Do you have to be Catholic or meet other requirements?
Maryknoll Lay Missioners welcomes you to apply if you are:
Motivated by faith and drawn to participate in cross-cultural mission in the context of a Catholic community
Experienced in volunteer service
Age 21 or older
A U.S. citizen or permanent resident
Single, a married couple, or a family (usually with no more than two children, eight years old or younger. Exceptions considered on an individual basis.)
Willing to make a 3-1/2 year commitment to overseas service (2-1/2 year commitments available in some regions)
Will I be able to come home during my contract?
Yes. Missioners are given four weeks of vacation each year, and many missioners make a visit to the U.S. part of their vacation plan. However, we ask that you not return to the U.S. during your first year overseas, as you are adjusting to a new culture and a new language. Also, you may not be able to take all four weeks together depending on your ministry needs.
Can family and friends visit me overseas?
Absolutely! They are most welcome to visit and see first-hand the work you’re involved in. We also have an entire program called Friends Across Borders devoted to arranging trips for groups that travel to our mission sites. Your friends and family may be interested in this program. Visit the “Take a Trip” tab of our website to learn more.
Can I choose what country I go to?
Although Maryknoll Lay Missioners makes the final choice of where we will place you, we do so only after considerable consultation, dialogue, and a process of mutual exploration and discernment. Through the placement process, we try to match your skills, experience and passions with the ministry needs in our regions.
What are the financial arrangements? Is there a stipend?
Maryknoll Lay Missioners pays your transportation to and from your country of assignment. You will be provided with a stipend sufficient to cover housing, food, local transportation, and personal expenses based on the cost of living for that area. We also provide comprehensive medical insurance while you are overseas.
Where do Interviews take place? Are there any cost related to interviews?
All interviews are held through Zoom. If you are accepted for an interview, we will schedule a time together.
How will I pay for expenses during Orientation?
Although you will pay your own travel expenses for getting here to Ossining, NY, once you arrive for Orientation, we will provide housing and a small stipend to cover food and incidental expenses. You will be responsible for maintaining health insurance while you are in Orientation. Our insurance only begins once you are overseas.
What do I do about my student loans while overseas?
Through our Student Loan Repayment Program, Maryknoll Lay Missioners will pay up to 100% of your monthly student loan payment while you are in mission. Alternatively, you can usually obtain a deferment on student loans for up to 36 months. We can provide any supporting documentation required by your lending institution to qualify for deferment. Talk with us about applying for the federally-funded Public Student Loan Forgiveness Program, for which we are an eligible employer.
Will I have health insurance?
Yes. We provide health insurance once you have arrived in your mission region. Because the health insurance applies only while you are overseas, you will need to extend your current health insurance or purchase some insurance to cover you while you are in Orientation. Retirees on Medicare and others who have access to ongoing U.S. health insurance are strongly encouraged to keep their policies active so that they will be covered during times they are in the U.S. and will have no gap in coverage after they leave.
What vaccines are required?
Before coming to Orientation, you will be responsible for making sure you are fully vaccinated for COVID-19, as well as be up-to-date on your flu vaccine, and all standard childhood immunizations in the United States. Once in Orientation, Maryknoll Lay Missioners will provide any travel vaccines you will need given the area of the world you will be going to.
What are the living arrangements for lay missioners overseas?
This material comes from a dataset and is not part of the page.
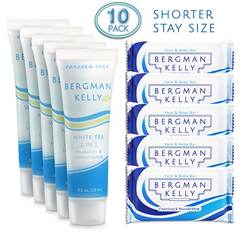 MAKE YOUR GUESTS FEEL AT HOME- The lightly white tea scented Bergman Kelly hotel 2in1 shampoo & conditioner and soap bundle packs perfect for your travel guests, and is a classic amenity for your hospitality bathroom.

Once you are assigned to a particular country, the Regional Director for the assigned country begins preparations for your arrival, and the region will work on plans for your accommodations. Single people might share a house or apartment with other single missioners; couples and families usually have a small house or apartment.
Will I be assigned to a specific ministry, or will I find my own?
Your placement to a particular country will largely be based on where we think there will be ministry options for how you might use your skills. Once you arrive in your mission country, the regional team will guide you in exploring those options and getting started in one. They will continue to accompany and support you as you do your work.
Is there a retirement program for lay missioners?
Missioners may contribute from their stipend to a 403(b) retirement savings plan from their first day under contract. MKLM contributes upon commencement of the second and subsequent contracts.
Can Fido come with me?
Unfortunately, we do not allow you to bring your pet to mission. We seek to live simply and to conduct ourselves in culturally appropriate ways overseas, and in most places spending the money to transport a pet from the US would have a negative impact on how you are seen in your host country. Given complex international laws, unfamiliar environmental challenges, and very different cultural norms, the situation could also prove dangerous for your pet and distracting for you while you are trying to get settled into your ministry.
What is community life like for Maryknoll Lay Missioners?
With Maryknoll Lay Missioners, you are not placed alone in a country. You will be joining a community that is already on the ground in the country where you are going. Exactly what that community is like, how often it meets, and whether you will be living with another lay missioner, varies from country to country based on a variety of factors, including where people’s ministries are located, but every lay missioner will meet with others in the region regularly for prayer, reflection, and support.